A team of five students and graduates from UCD, UCC and TU Dublin are behind an innovative green-tech project that has just won the prestigious Accenture Leaders of Tomorrow Award 2019.
Hydro, a ‘keep cup’ cleaning contraption with ambition to make the sustainable workplace convenient and profitable, is the brainchild of Meg Brennan (UCD), Harry Shanahan (UCC), Sophie O’Rourke (TU Dublin), Daniel Izquierdo Hijazi (TU Dublin) and David Furlong (TU Dublin).
Designed to fit alongside the office coffee machine, Hydro effectively steam cleans an upturned reusable cup within five seconds; encouraging the continued usage of the cup and saving on electricity bills and water usage by decreasing dishwasher traffic.
Ms Brennan, who specialises in bioengineering and biomedical engineering at UCD, is responsible for the company’s technology. But her teammates come from quite diverse education backgrounds, pulling the overall business together effectively.
Taking care of finance is Mr Shanahan, a student at UCC, while Sophie O’Rourke, who has a background in product design, manages the team’s operations. Daniel Izquierdo Hijazi, meanwhile, is the commercial lead and is studying business & sociology at TU Dublin; and David Furlong who focuses on all things design and is studying product design at TU Dublin.
Leaders of Tomorrow
Leaders of Tomorrow (LOT), Accenture’s early stage entrepreneur accelerator, was originally designed to foster entrepreneurship in third-level students and recent graduates.
The program helps to connect this talent with other enterprising people, assisting them in transforming early-stage ideas into thriving marketable businesses.
Managing Director and LOT sponsor Graham Healy said that the summer programme, which has been running for over a decade, has evolved substantially over the last two years.
“We started out looking for people in universities to pitch individual project ideas but over the years it has grown into a team based project. LOT takes the team right from the team forming stage to the creation of validated, valuable prototypes at the end of the program,” he told Business & Finance.

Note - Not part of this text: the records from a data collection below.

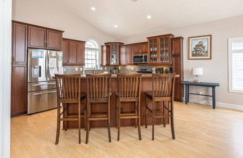 All three floors and every room overlook the ocean with the kitchen overlooking the bay. The first floor of the home features four bedrooms - only two bedrooms have en suite bathrooms; the third one is shared between the other two bedrooms. Enjoy an outdoor hot tub on the deck while looking at the ocean and overlooking the pool. There is also an enclosed outdoor shower with hot and cold water. On the second floor, you will find the main living space with a sunny open floor plan, a primary bedroom with an en suite bathroom, and a half bath. The lovely living area allows guests to unwind and admire the sparkling waters at the same time. The large TV offers endless entertainment during your stay. All the couches in the great room are brand new as well as the adjoining dining table that seats 10 people. The open kitchen is a chef's delight with all major appliances and utensils needed to whip up tasty full-course meals and beach snacks on the go. Coffee enthusiasts will be happy with two coffee makers, one of them a Keurig. The primary bedroom on this level features a private beachfront deck as well as an en suite bathroom with a jetted tub. The third floor hosts another primary bedroom with a TV, a beachfront deck, and an en suite with a jetted tub.
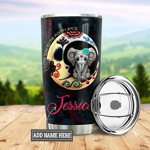 Elephant Sugar Skull Personalized Stainless Steel Tumbler, Personalized Tumblers, Tumbler Cups, Custom Tumblers
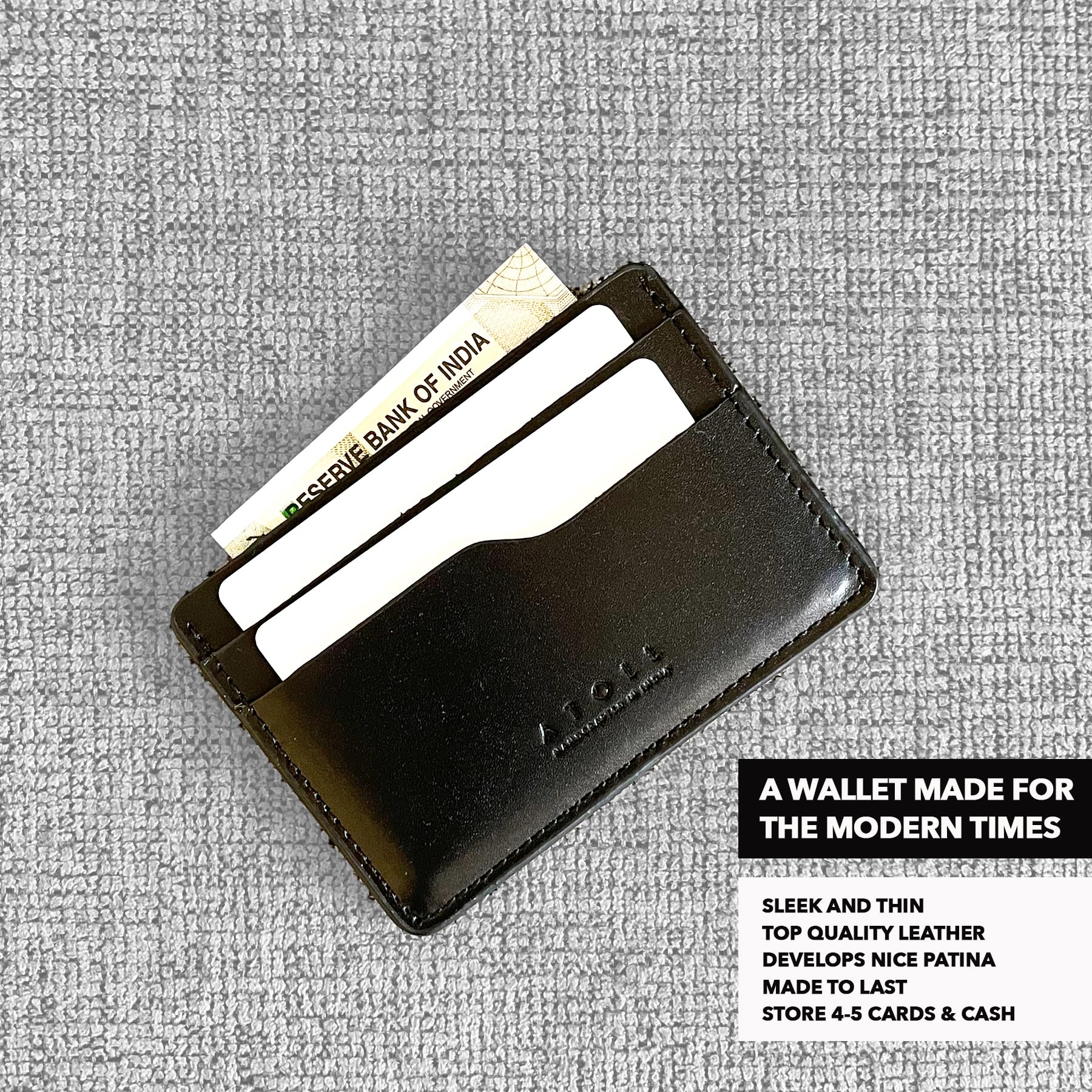 Atoll Leather Slim Card Holder Wallet for Men, Minimalist Credit Card Holder, Genuine Leather Stylish Card Wallet for Men, 3 Card Slot and Large Cash Compartment (Black)
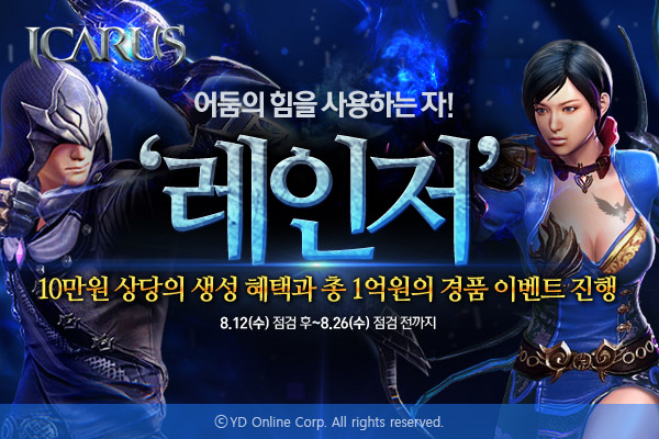 ... 와이디온라인은 오는 26일까지 사전 등록 이벤트를 진행한다. 참여자 전원에게 '레인저' 캐릭터를 30레벨부터 즐길 수 있는 기회를 제공한다. 캐릭터 생성 시 전설 펠로우, 장비 아이템 풀세트 등의 게임 아이템을 얻을 수 있으며, 엘룬 300개, 문화상품권 등 총 1억 원
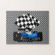 Blue Race Car with Chequered Flag Jigsaw Puzzle
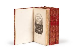 LES MYSTERES DE PARIS. Nouvelle édition, revue par l'auteur. Paris, Ch. Gosselin et Librairie Garnier frères, 1843-1844. 4 volumes grand in-8, demi-maroquin rouge avec coins, dos orné, non rogné, couvertures et dos (Mercier, success. de son père)
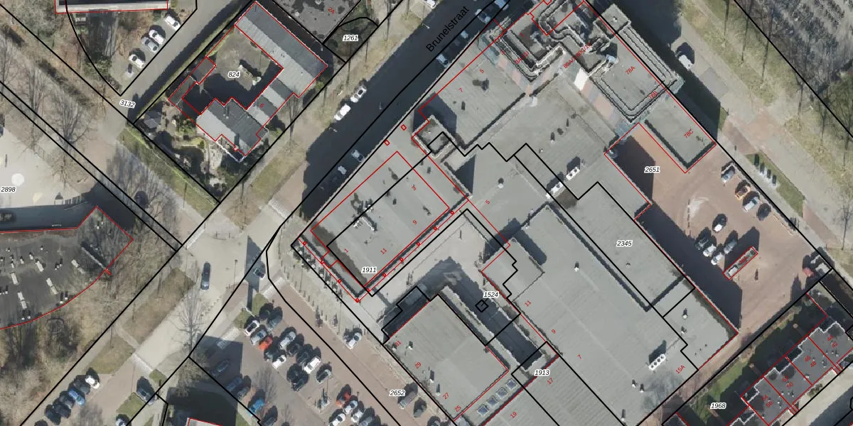 Het perceel waarop Brunelstraat 9-F staat heeft een oppervlakte van 3172 m². Dit is een zeer groot perceel. De perceeloppervlakte wordt geregistreerd door het Kadaster. Gedetailleerde informatie over de maten van dit perceel kunt u vinden in het rapport Kadastrale kaart met maatvoering van Brunelstraat 9-F.
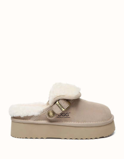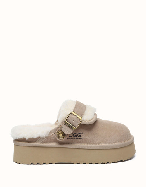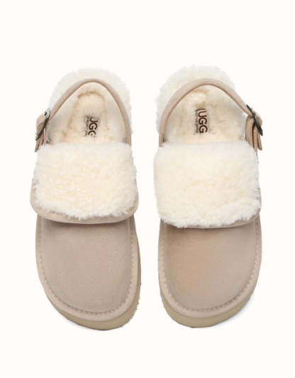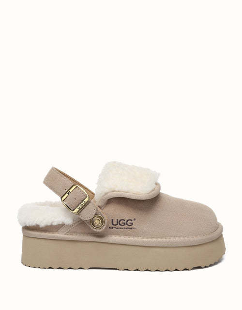 Enhance your everyday comfort with the AUSTRthtALIAN SHEPthtHERD Tenley Platform Slingback Slippers. Coming in classic chestnut and sand, these premium sheepskin slippers combine cosy warmth with timeless style. The elevated platform offers a subtle boost, while the custom EVA sole ensures soft, cushioned support. Designed with a versatile strap that can be positioned at the front or back, these slippers deliver a snug fit to complement any outfit.
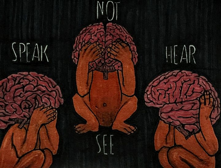 While almost lost in the darkness as if in hiding, we see a clever portrayal on the classic “see no, hear no, speak no” parable. The three monkeys are squatting on their haunches and protecting them from the three senses. All this whilst their brains are fully exposed, and as the heads in entirety. The descriptive words are in a phantom like smokey white font merely muttering the parabolic phrases.
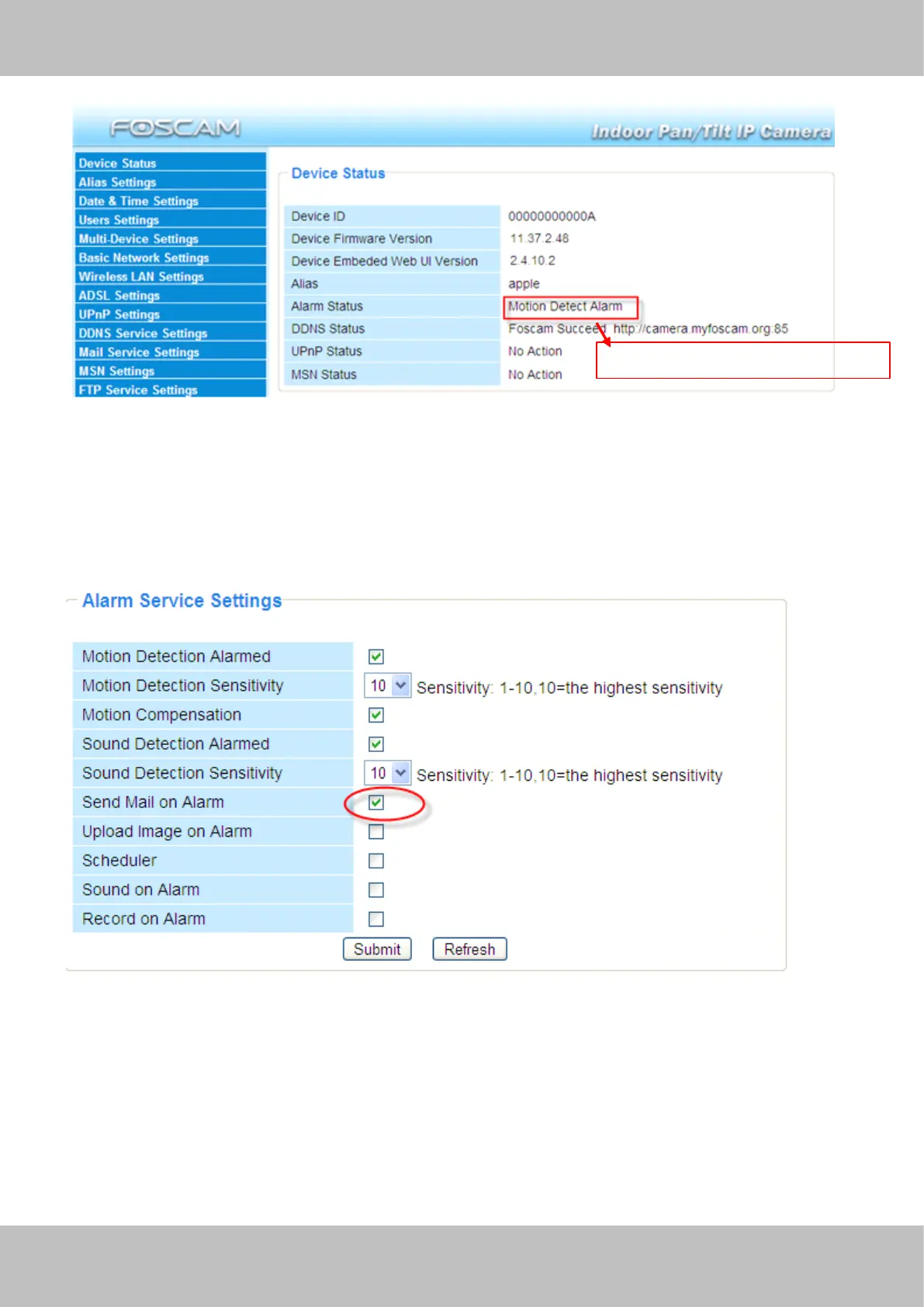 Settings (Figure 3. 36/3.37 ) first and t hen set motion /sound alarm as pictured below

“From 50 submissions from 11 colleges when the program started out, we received over 500 applications this year. We made it very clear that we wanted people from multidisciplinary backgrounds so we could create teams based on skill, vision, and shared value.
“Accenture initially used this program as a tool to hire great people, but our preference now is to help bring innovation to the marketplace, taking latest technologies and applying them in the real world.”
This year’s programme ran from March 2019 until the final showcase competition on Wednesday, 28thAugust, where Hydro was awarded the main prize of €10,000 in seed-funding. Accenture take no equity in return for the prize funding.
The winning team will also receive a stand at Dublin Tech Summit 2020 as part of the Start-Up programme, Vision X, and a workspace at WeWork Labs for one month to continue working on their business.
The process
Over 100 candidates selected from the applications were invited into a two-day team forming and ideation event which was held in April this year.
The strongest five teams – JustOne, Clockwork, Hydro, ExRent and TeddyCare – were then brought onto a summer accelerator programme which ran from May until August.
JustOne is an eco-conscious health start-up creating the world’s first tablet-refilled deodorant; ClockWork is a HR web-app designed to measure soft skills more efficiently for employers; EzRent is a property-tech start-up providing personalised accommodation search using AI and medial-tech start-up TeddyCare is developing fun, child-friendly allergen testers.
During these months, all teams participated in workshops and sessions with Accenture leaders, guest speakers, mentors and industry experts. The sessions were tailored to provide the best guidance, opportunities, and resources to the teams.
Participants received advice, insights and mentorship from Accenture’s global collective of innovators, from a variety of diverse backgrounds and experiences. For example, Design, Software Engineering, Business and AR/VR.
Accenture also hosted six full day workshops, spaced out every one to two weeks in areas like Ideation, Design-Thinking & Rapid Prototyping, Sales, PR, & Marketing, Customer Research & Business Strategy and Presentation Skills & Pitch Training.
Each team presented at the LOT Final Showcase Day in front of a panel of judges, potential investors, interested parties from the start-up community, friends and family.
The panel of judges – Mr Healy, TU Dublin’s Michelle Moloney, Alan Coleman Founder and CEO at Sweepr, Labs Manager at WeWork Victoria Almazovaite, and Sean Judge, Entrepreneur in Residence at Accenture & Director at UpStarter – ultimately chose Hydro as the winner.
“What made Hydro stand out was that it was a good working prototype, backed by substantial research, it is very much on trend, and it ticks the boxes on being eco friendly and sustainable,” said Mr Healy.